+++ The records +++

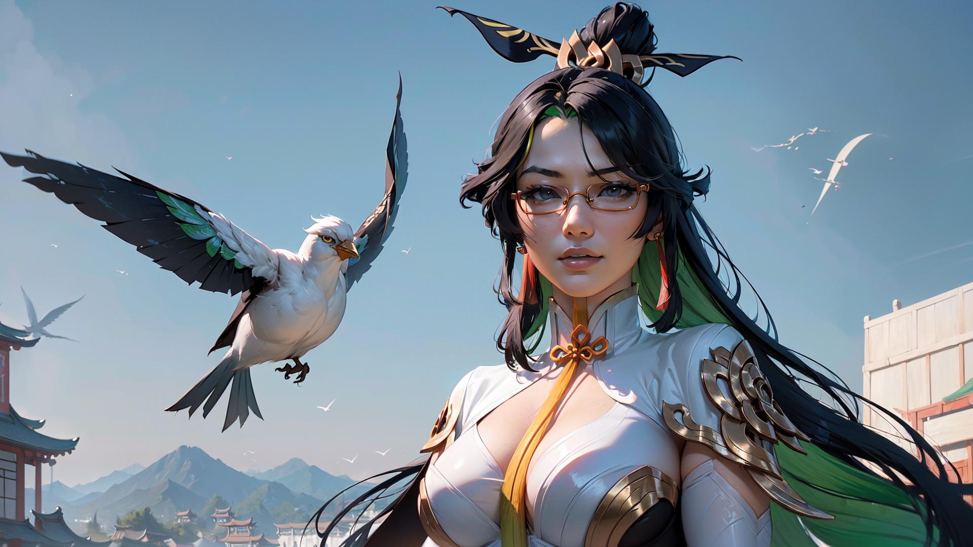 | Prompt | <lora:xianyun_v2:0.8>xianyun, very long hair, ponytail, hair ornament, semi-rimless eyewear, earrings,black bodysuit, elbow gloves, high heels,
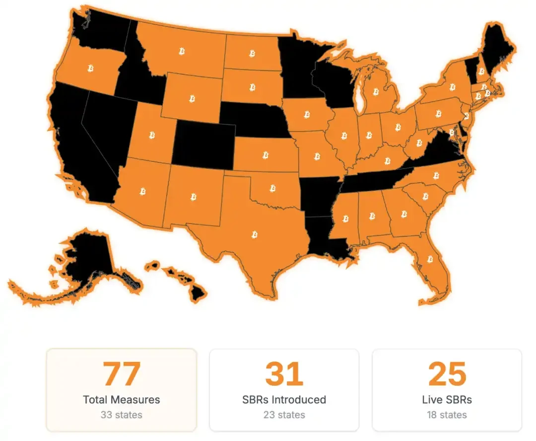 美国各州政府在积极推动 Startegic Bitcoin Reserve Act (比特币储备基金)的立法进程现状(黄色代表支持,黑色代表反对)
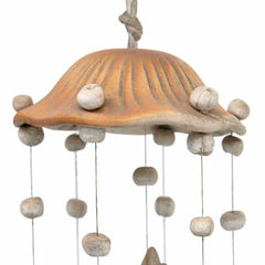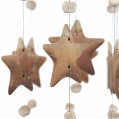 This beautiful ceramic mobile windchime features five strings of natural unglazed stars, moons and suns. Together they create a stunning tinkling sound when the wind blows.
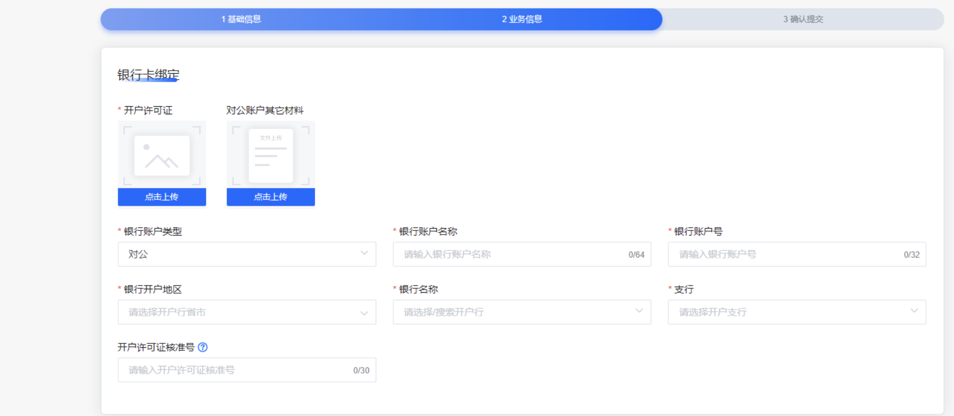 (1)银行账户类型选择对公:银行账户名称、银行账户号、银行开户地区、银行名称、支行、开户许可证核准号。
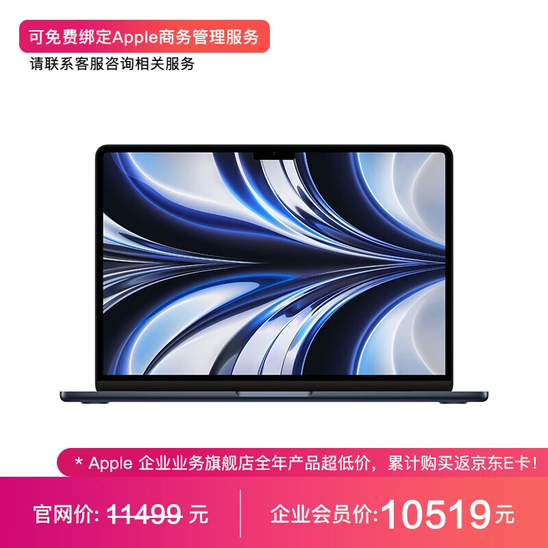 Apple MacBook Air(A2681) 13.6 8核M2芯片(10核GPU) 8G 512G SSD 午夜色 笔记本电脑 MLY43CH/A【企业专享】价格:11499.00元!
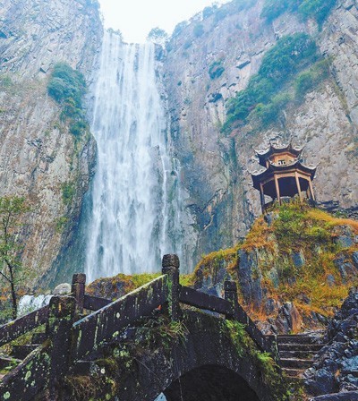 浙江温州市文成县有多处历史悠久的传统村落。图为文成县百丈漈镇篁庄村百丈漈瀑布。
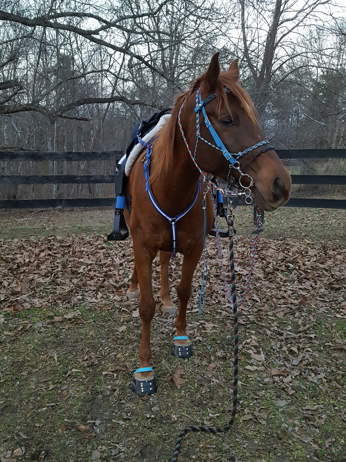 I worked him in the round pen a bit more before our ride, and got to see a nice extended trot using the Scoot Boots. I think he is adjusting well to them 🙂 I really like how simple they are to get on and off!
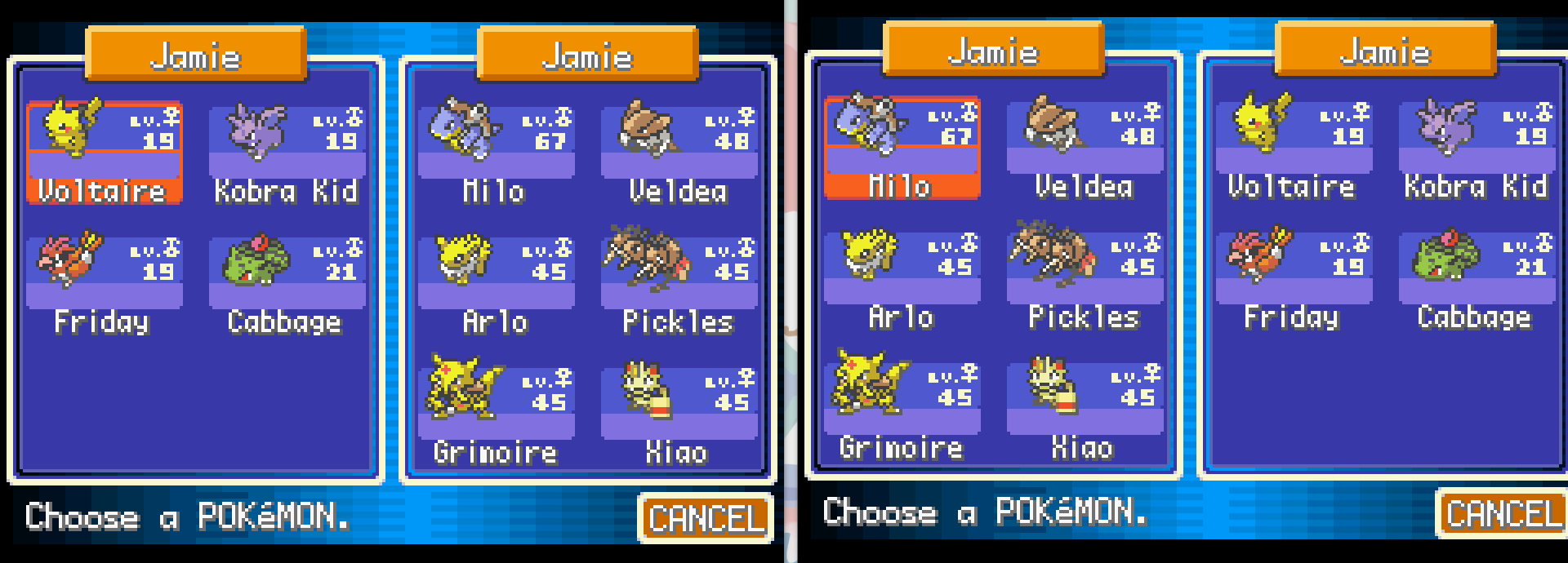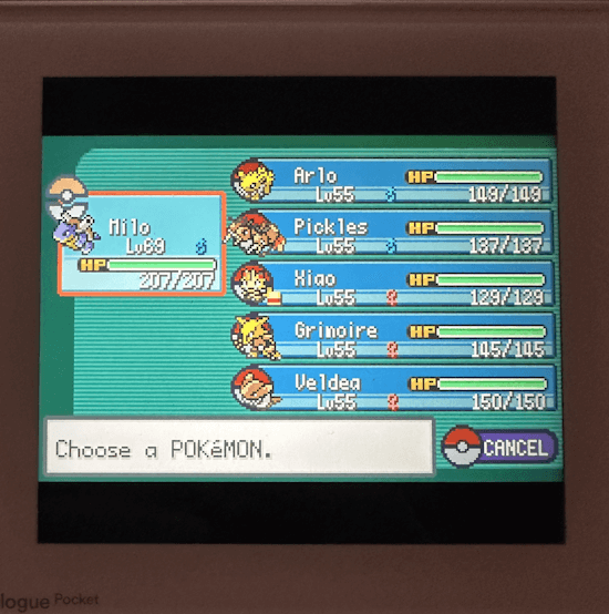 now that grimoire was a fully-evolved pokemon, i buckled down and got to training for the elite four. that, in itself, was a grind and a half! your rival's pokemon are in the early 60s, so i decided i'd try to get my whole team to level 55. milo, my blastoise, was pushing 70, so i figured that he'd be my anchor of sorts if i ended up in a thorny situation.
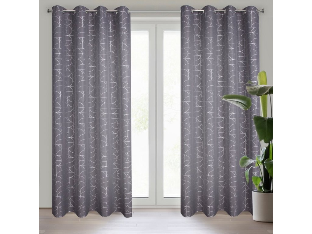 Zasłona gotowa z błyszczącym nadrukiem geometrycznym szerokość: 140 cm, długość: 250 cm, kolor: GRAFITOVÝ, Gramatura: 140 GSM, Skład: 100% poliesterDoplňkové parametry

+++

• [Exercise goal]:
Lines from the one above containing "美国各州政府在积极推动 Startegic Bitcoin" down to the one containing "浙江温州市文成县有多处历史悠久的传统村落。图为文成县百丈漈镇篁庄村百丈漈瀑布。" should be transcribed exactly, with both ends kept and no pictures.

• [Response for this exercise]:
 美国各州政府在积极推动 Startegic Bitcoin Reserve Act (比特币储备基金)的立法进程现状(黄色代表支持,黑色代表反对)
 This beautiful ceramic mobile windchime features five strings of natural unglazed stars, moons and suns. Together they create a stunning tinkling sound when the wind blows.
 (1)银行账户类型选择对公:银行账户名称、银行账户号、银行开户地区、银行名称、支行、开户许可证核准号。
 Apple MacBook Air(A2681) 13.6 8核M2芯片(10核GPU) 8G 512G SSD 午夜色 笔记本电脑 MLY43CH/A【企业专享】价格:11499.00元!
 浙江温州市文成县有多处历史悠久的传统村落。图为文成县百丈漈镇篁庄村百丈漈瀑布。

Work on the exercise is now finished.